-- Raw data follows --

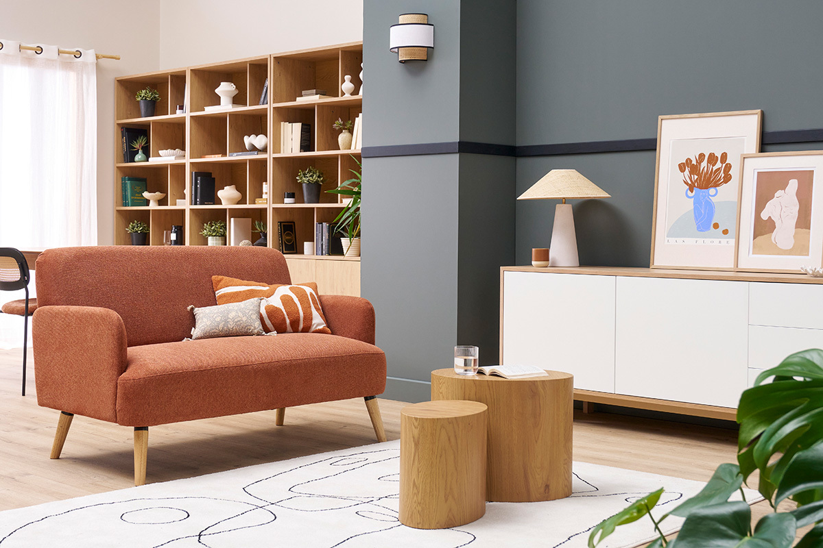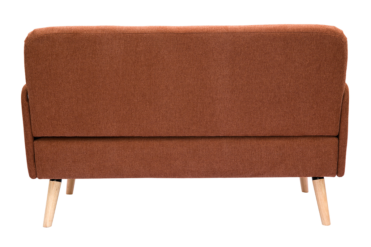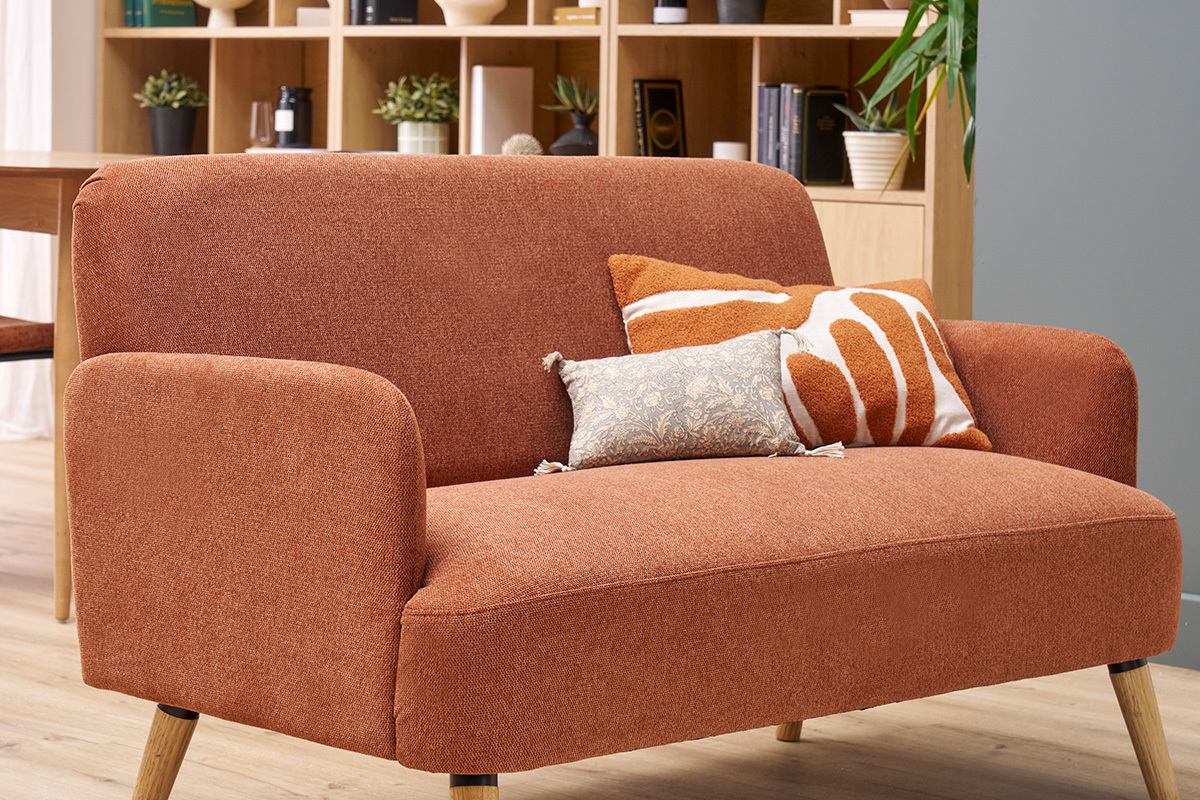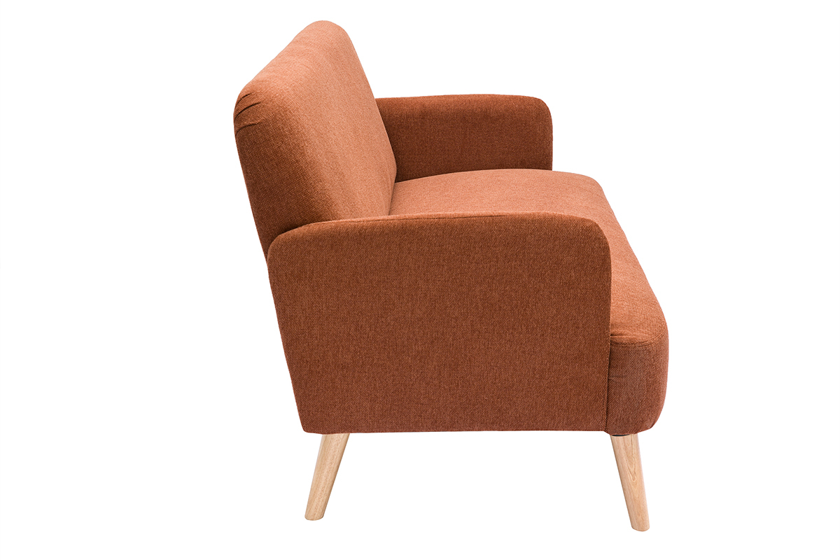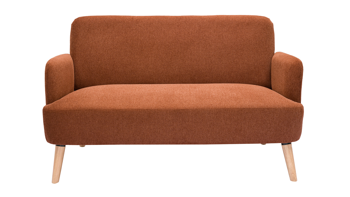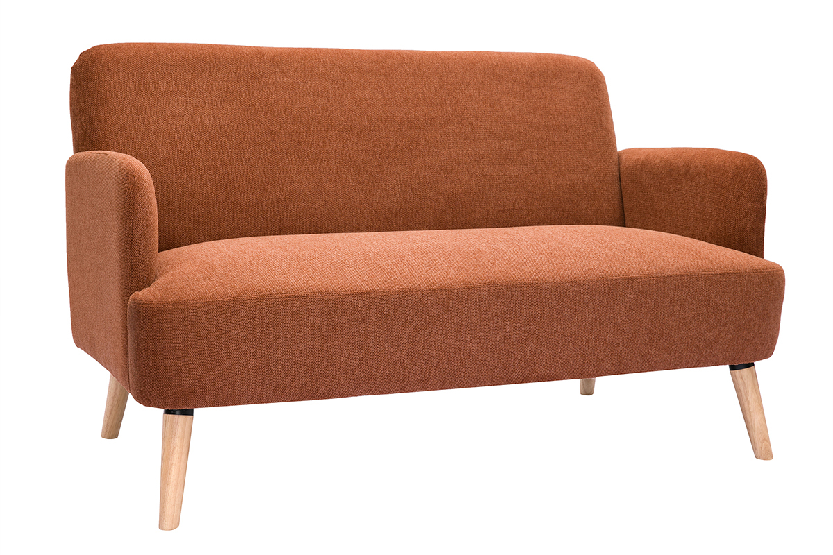 Canapé en tissu effet velours texturé terre brûlée et bois clair livré prêt à monter.
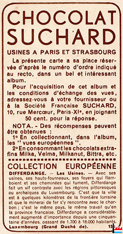 | <= 8.1903 | ![]() Differdingen, Die Hochöfen - <= 8.1903 (Détail de la carte postale: J.M. Bellwald, Echternach, No 244; collection: industrie.lu) ![]() Differdingen, Die Hochöfen - Tabac & Cigares Vve Reuter, Differdange (Carte postale: J.M. Bellwald, Echternach, No 244; collection: industrie.lu) |
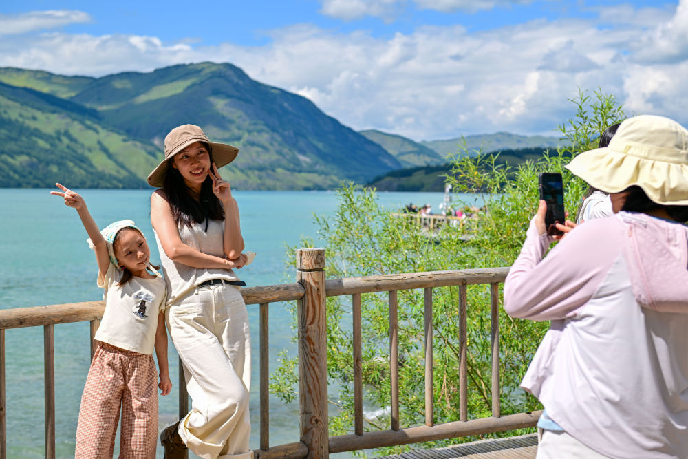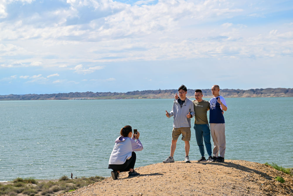 游客在新疆阿勒泰地區(qū)福??h烏倫古湖合影留念(7月21日攝)。
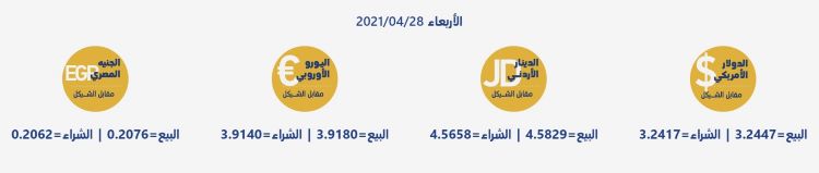 رام الله 28-4-2021 وفا- جاءت أسعار العملات مقابل الشيقل الإسرائيلي، اليوم الأربعاء، حسب سلطة النقد، على النحو التالي:

-- Raw data concluded --

The problem: Hand back every line of the material, exactly, without the pictures.

Written reply:
 Canapé en tissu effet velours texturé terre brûlée et bois clair livré prêt à monter.
 | <= 8.1903 | ![]() Differdingen, Die Hochöfen - <= 8.1903 (Détail de la carte postale: J.M. Bellwald, Echternach, No 244; collection: industrie.lu) ![]() Differdingen, Die Hochöfen - Tabac & Cigares Vve Reuter, Differdange (Carte postale: J.M. Bellwald, Echternach, No 244; collection: industrie.lu) |
 游客在新疆阿勒泰地區(qū)福??h烏倫古湖合影留念(7月21日攝)。
 رام الله 28-4-2021 وفا- جاءت أسعار العملات مقابل الشيقل الإسرائيلي، اليوم الأربعاء، حسب سلطة النقد، على النحو التالي:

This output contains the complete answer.